Defunding the Navy to Save It
Updated with figures below.
It is a fact that when budget time comes around, America's three armed services seek to defend a triad of main weapons. For example:
- Air Force-Bombers, fighters, missiles
- Army-Armored vehicles, helicopters, artillery
- Navy-Aircraft Carriers, surface warships, submarines
Concerning the naval aspect, this was the purpose of my call for "An All Submarine Navy". With the fleet's main purpose being to defeat an enemy battlefleet, modern undersea boats with their high speeds, unprecedented stealth and the long reach of modern cruise missiles, give this weapon of war no peer at sea. The subs can now be seen as the battleships of this new age and should be given the primary budget consideration over any overly-expensive, and perhaps outmoded ideas of combined arms.

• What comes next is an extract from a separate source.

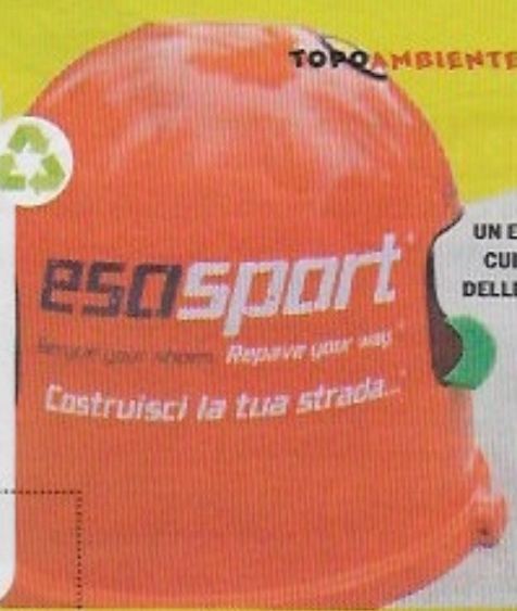
UN ESOSBOX IN CUI DISFARSI DELLE VECCHIE SCARPE

To shake the Admirals out of their lethargy and away from their Cold War mindset, a reduction in shipbuilding funds might be in order. Such a drastic move could then force shipbuilding planners to utilize their precious resources more sparingly, directing them away from our current "luxury fleet" of every powerful warship imaginable, that can be bought only in greatly shrinking numbers. Moneys leftover should be given to the brown water navy, to buy patrol craft and smaller landing craft (such as the Austal high-speed ferries) to maintain our dominance of the shallow seas.
Update-Here are some figures I have worked on in the course of the day:
Navy shipbuilding is currently budgeted at $12.5 billion. In my own scheme, this figure could be reduced to around $10 or even $8 billion annually, with the bulk of procurement funds going to the construction of new submarines.
Two subs per year is the goal envisioned by naval planners for the near future, but my plan would produce 4 boats annually to match potential Blue Water aggressors such as China or Russia, and to takeover most of the missions of vulnerable and costly surface ships.
Northrop recently reduced the cost of new Virginia class subs to $2 billion, and with a doubling of purchases this can be further curtailed, perhaps to $1.5 billion each.
Even more desirable would be the acquisition of air-independent-propulsion submarines, copied for simplicities sake from European designs, built with little extra equipment which the Navy loves so well, and which too often raises the cost of warships. Such vessels currently are priced below $1 billion dollars and would be more relevant for cruising in shallow seas than the giant Virginia's.